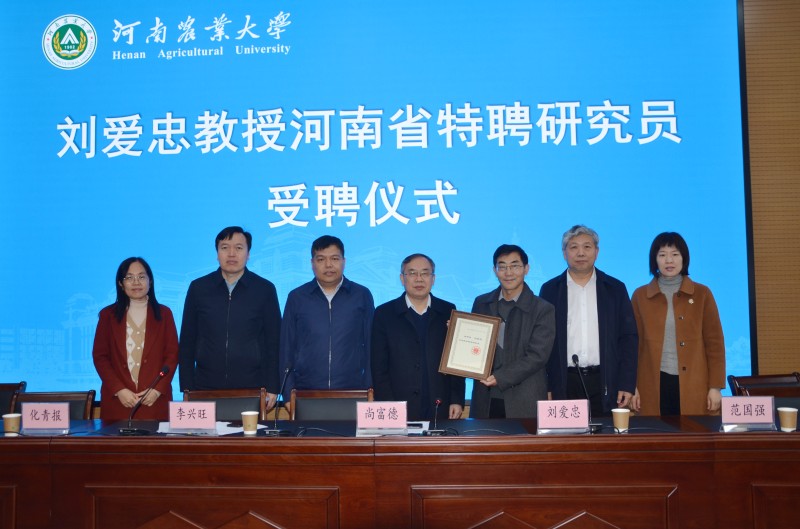 报告厅举行河南省特聘研究员聘任仪式,刘爱忠教授受聘为独播库
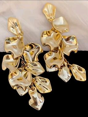 Statement Anthropologie earrings with sculpted, fluid gold drops. Shiny polished finish creates eye-catching movement. Bold yet wearable for special occasions or elevated daily looks.
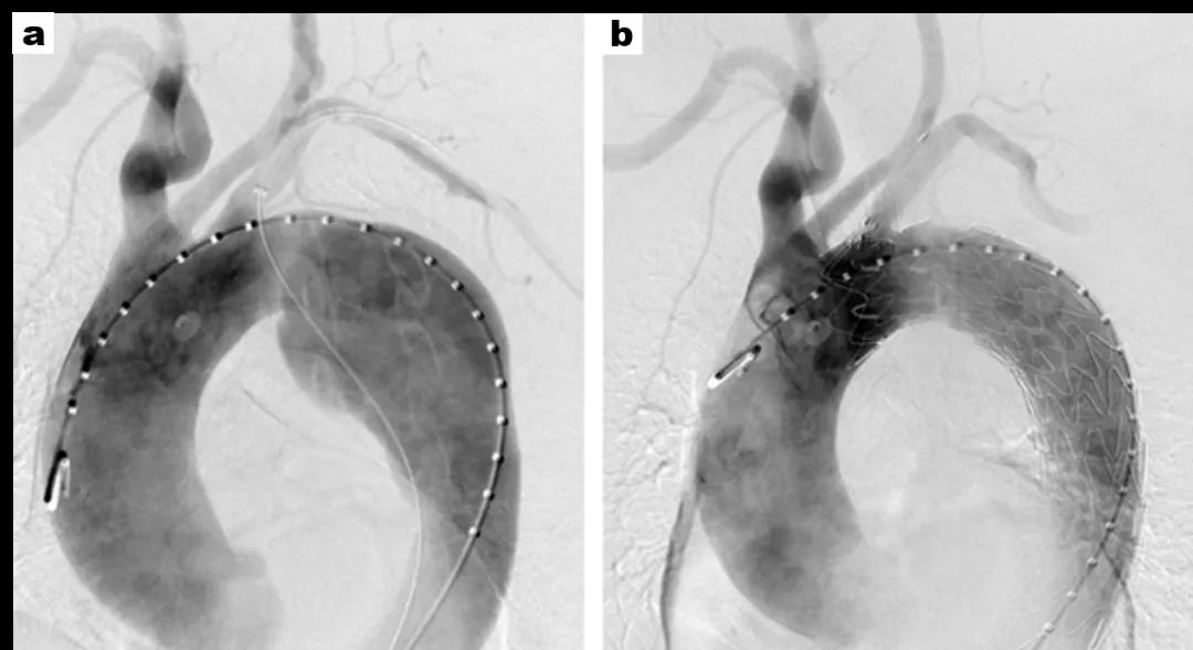 传统开放手术需要开胸和体外循环,带来极大的手术创伤。腔内治疗利用植入覆膜支架可实现不开胸,不阻断血流的微创修复。但主动脉弓部的腔内治疗既要隔绝病变又要同时保持弓上分支血管通畅,其手术难度远高于其它位置。
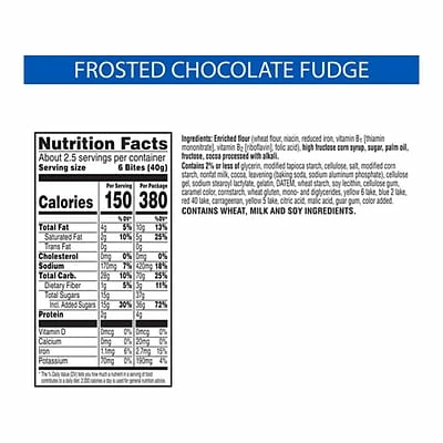 Ingredients: enriched flour (wheat flour, niacin, reduced iron, vitamin B1, vitamin B2, folic acid), corn syrup, sugar, palm oil, fructose, cocoa processed with alkali, glycerin, modified tapioca starch, cellulose, salt, modified cornstarch, nonfat milk, cocoa, leavening, cellulose gel, sodium stearoyl lactylate, gelatin, DATEM, wheat starch, soy lecithin, cellulose gum, caramel color, cornstarch, gluten, mono- and diglycerides, carrageenan, citric acid, malic acid, guar gum
------
Requirement ::
Produce a verbatim copy of the listing, leaving out all pictures.

Result of this task ::
 报告厅举行河南省特聘研究员聘任仪式,刘爱忠教授受聘为独播库
 Statement Anthropologie earrings with sculpted, fluid gold drops. Shiny polished finish creates eye-catching movement. Bold yet wearable for special occasions or elevated daily looks.
 传统开放手术需要开胸和体外循环,带来极大的手术创伤。腔内治疗利用植入覆膜支架可实现不开胸,不阻断血流的微创修复。但主动脉弓部的腔内治疗既要隔绝病变又要同时保持弓上分支血管通畅,其手术难度远高于其它位置。
 Ingredients: enriched flour (wheat flour, niacin, reduced iron, vitamin B1, vitamin B2, folic acid), corn syrup, sugar, palm oil, fructose, cocoa processed with alkali, glycerin, modified tapioca starch, cellulose, salt, modified cornstarch, nonfat milk, cocoa, leavening, cellulose gel, sodium stearoyl lactylate, gelatin, DATEM, wheat starch, soy lecithin, cellulose gum, caramel color, cornstarch, gluten, mono- and diglycerides, carrageenan, citric acid, malic acid, guar gum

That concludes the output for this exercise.